- WORK INSTRUCTIONS
Output each entry verbatim. Leave the images out.

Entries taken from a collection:
§ §
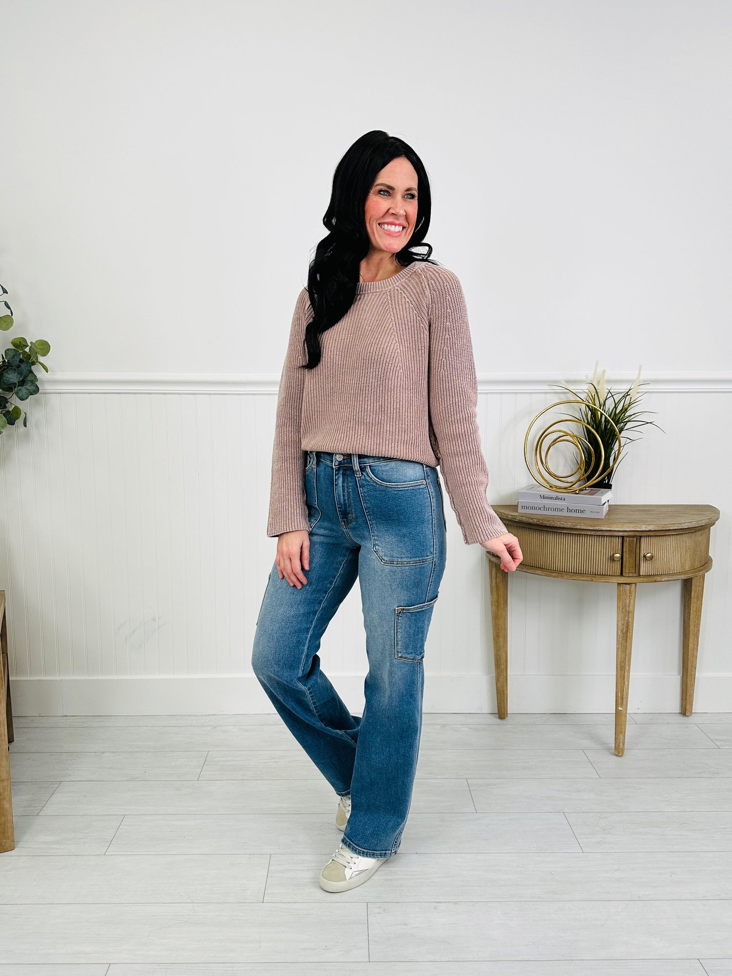 Say hello to your new favorite “cool girl” denim. These straight fit jeans blend laid-back comfort with a trend-forward silhouette—featuring a flattering high rise, a relaxed leg, and cargo pockets that give just the right amount of edge. The medium wash keeps them classic and easy to style, while the clean finish (no distressing) makes them feel polished enough for everyday wear.
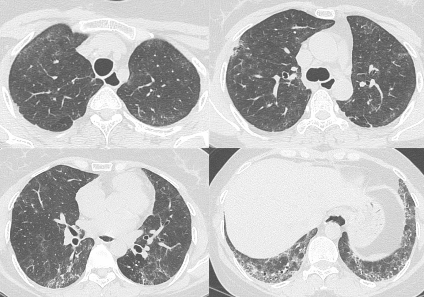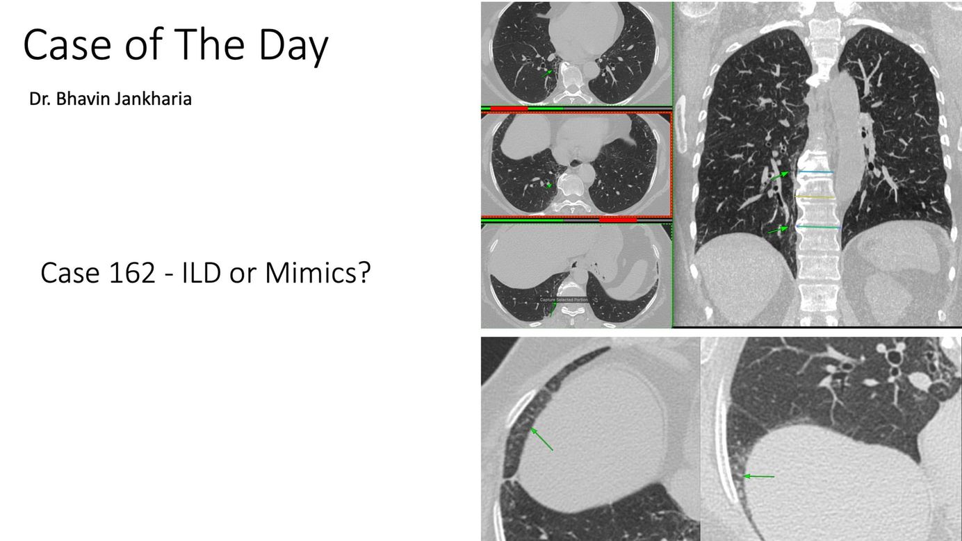 A repeat CT scan showed interstitial lesions. The question is are they "real" and imply interstitial lung abnormality disease (ILD) or they are mimics.
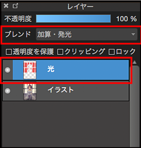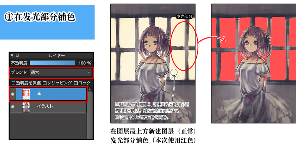 将铺为红色的图层混合模式由「正常」变为「发光」(变更后红色会 变为白色)
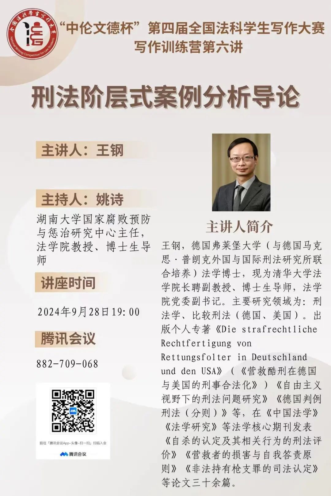 2024年9月28日晚,“中伦文德杯”第四届全国法科学生写作大赛训练营第六讲于线上顺利进行。清华大学逼哩逼哩
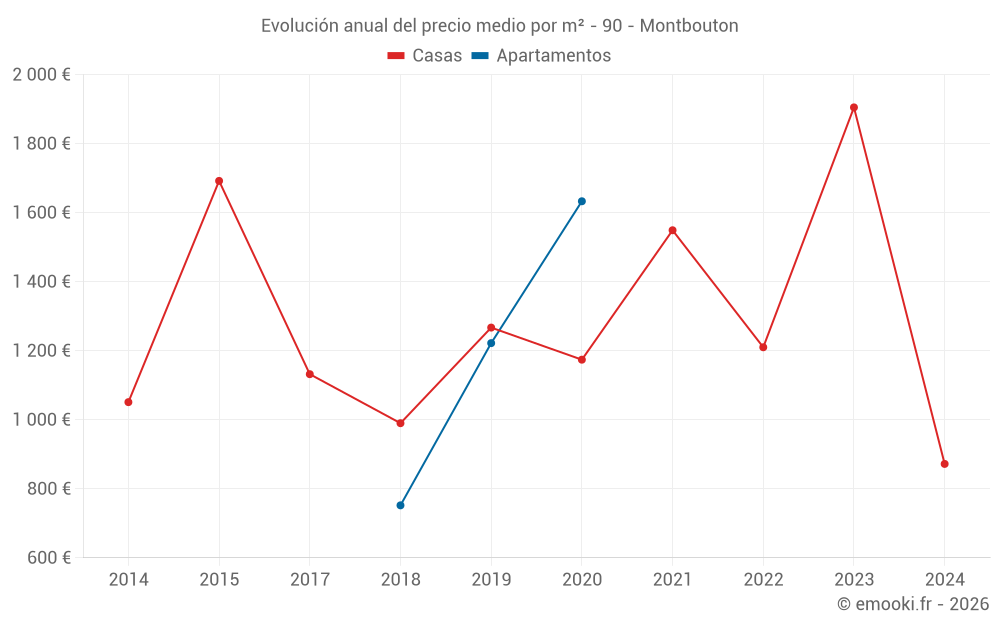 Evolución del precio medio por m² de las casas
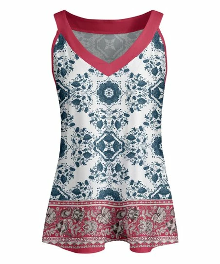 Comfy stretch fabric with a bold print makes this tank a stylish staple.
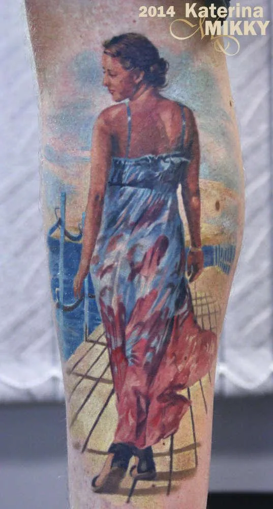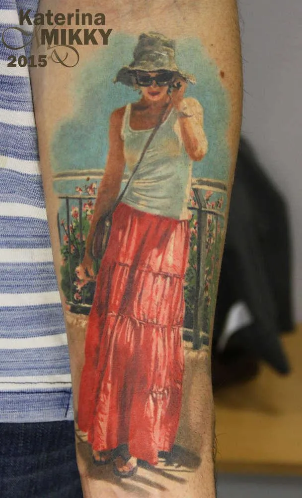Тату портрет девушки на отдыхе
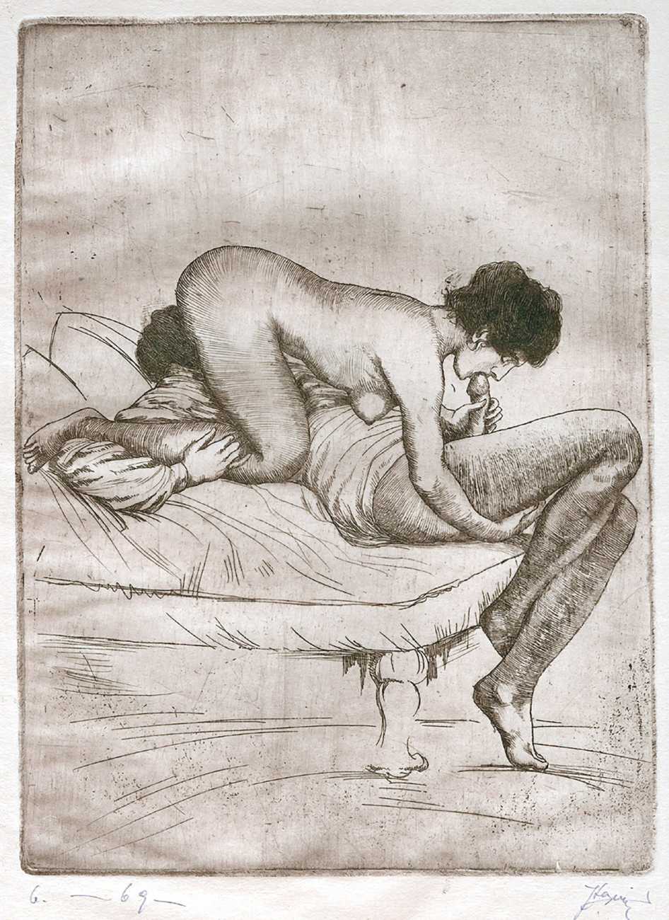 The bibliographer of French erotic literature Jean-Pierre Dutel goes a little further, placing de Lapin in Eastern Europe in the mid-1920s, and Prague has been suggested. While the artist may have been Czech, the work is titled and captioned in French, so a Parisian connection is likely.
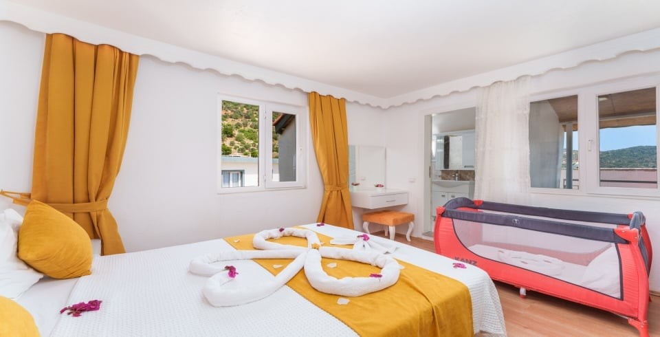 2.Yatak Odası: 1 adet çift kişilik yatak, elbise dolabı, makyaj masası, komodin, klima, banyo ve lavabo bulunmaktadır.
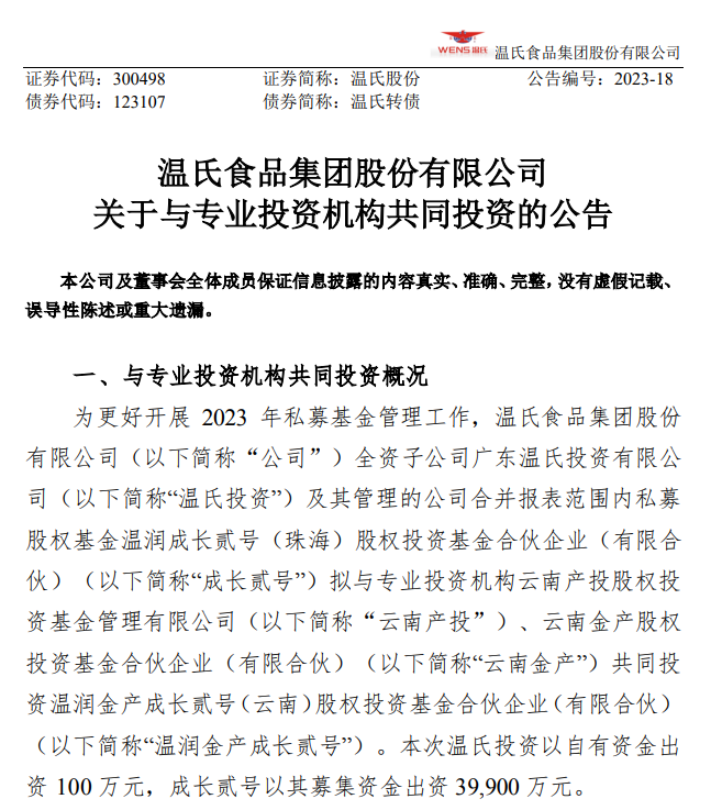 2月27日,温氏股份发布公告称,旗下温氏投资及其管理公司将与专业投资机构合作,开展2023年私募基金管理,此次拟于云南产投及云南金产展开合作,共同投资温润金产成长贰号(云南)股权投资基金合伙企业(有限合伙)。
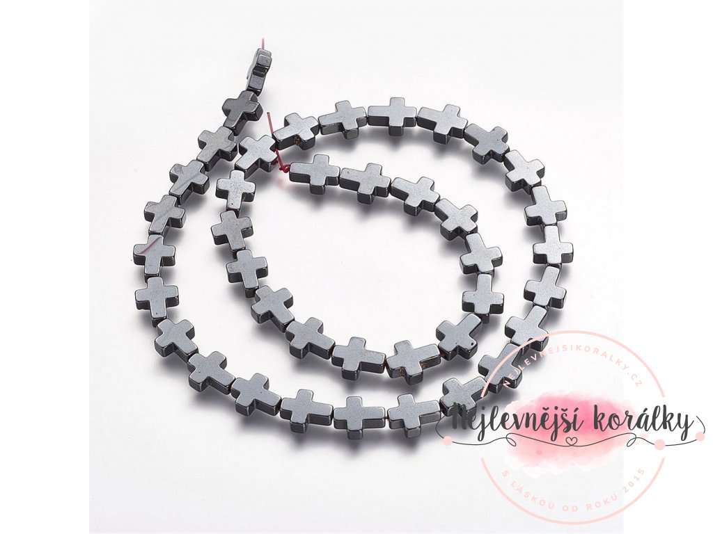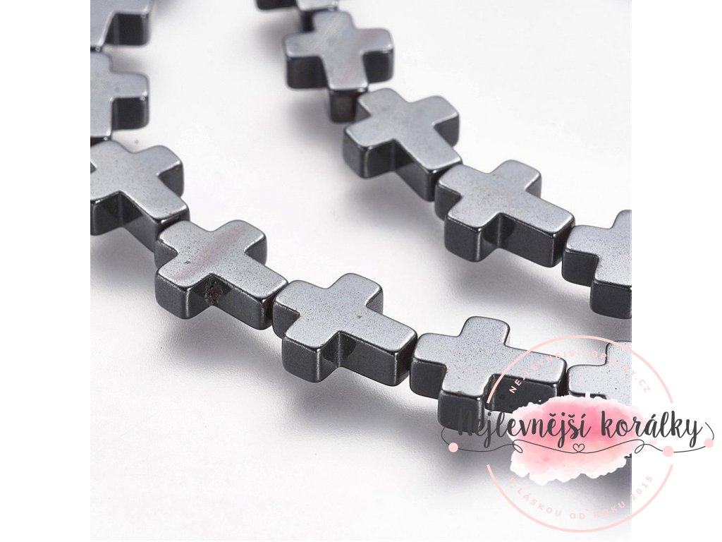 Korálky ze syntetického minerálu hematit ve tvaru kříže.
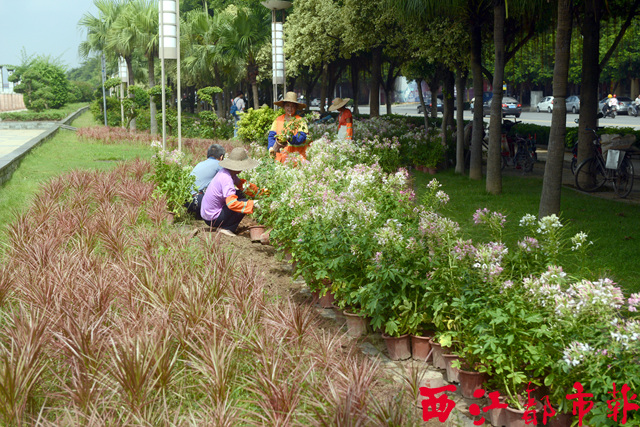 ????為了保持西堤公園的綠化效果,綠化部門根據季節的變化及時對公園內的綠化景觀植物或調整、或增植,以保證綠化帶景色四季宜人。(資料圖片)
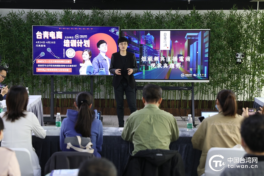 4月25日,由中國臺灣網舉辦的海峽兩岸古風茶裳直播季·臺青電商培訓進行中。圖為發條學社C00、新媒體電商資深從業者夏夢琪講解如何打造爆款短視頻。(中國臺灣網 張亞靜 攝)
§ §
- TASK RESULT
 Say hello to your new favorite “cool girl” denim. These straight fit jeans blend laid-back comfort with a trend-forward silhouette—featuring a flattering high rise, a relaxed leg, and cargo pockets that give just the right amount of edge. The medium wash keeps them classic and easy to style, while the clean finish (no distressing) makes them feel polished enough for everyday wear.
 A repeat CT scan showed interstitial lesions. The question is are they "real" and imply interstitial lung abnormality disease (ILD) or they are mimics.
 将铺为红色的图层混合模式由「正常」变为「发光」(变更后红色会 变为白色)
 2024年9月28日晚,“中伦文德杯”第四届全国法科学生写作大赛训练营第六讲于线上顺利进行。清华大学逼哩逼哩
 Evolución del precio medio por m² de las casas
 Comfy stretch fabric with a bold print makes this tank a stylish staple.
Тату портрет девушки на отдыхе
 The bibliographer of French erotic literature Jean-Pierre Dutel goes a little further, placing de Lapin in Eastern Europe in the mid-1920s, and Prague has been suggested. While the artist may have been Czech, the work is titled and captioned in French, so a Parisian connection is likely.
 2.Yatak Odası: 1 adet çift kişilik yatak, elbise dolabı, makyaj masası, komodin, klima, banyo ve lavabo bulunmaktadır.
 2月27日,温氏股份发布公告称,旗下温氏投资及其管理公司将与专业投资机构合作,开展2023年私募基金管理,此次拟于云南产投及云南金产展开合作,共同投资温润金产成长贰号(云南)股权投资基金合伙企业(有限合伙)。
 Korálky ze syntetického minerálu hematit ve tvaru kříže.
 ????為了保持西堤公園的綠化效果,綠化部門根據季節的變化及時對公園內的綠化景觀植物或調整、或增植,以保證綠化帶景色四季宜人。(資料圖片)
 4月25日,由中國臺灣網舉辦的海峽兩岸古風茶裳直播季·臺青電商培訓進行中。圖為發條學社C00、新媒體電商資深從業者夏夢琪講解如何打造爆款短視頻。(中國臺灣網 張亞靜 攝)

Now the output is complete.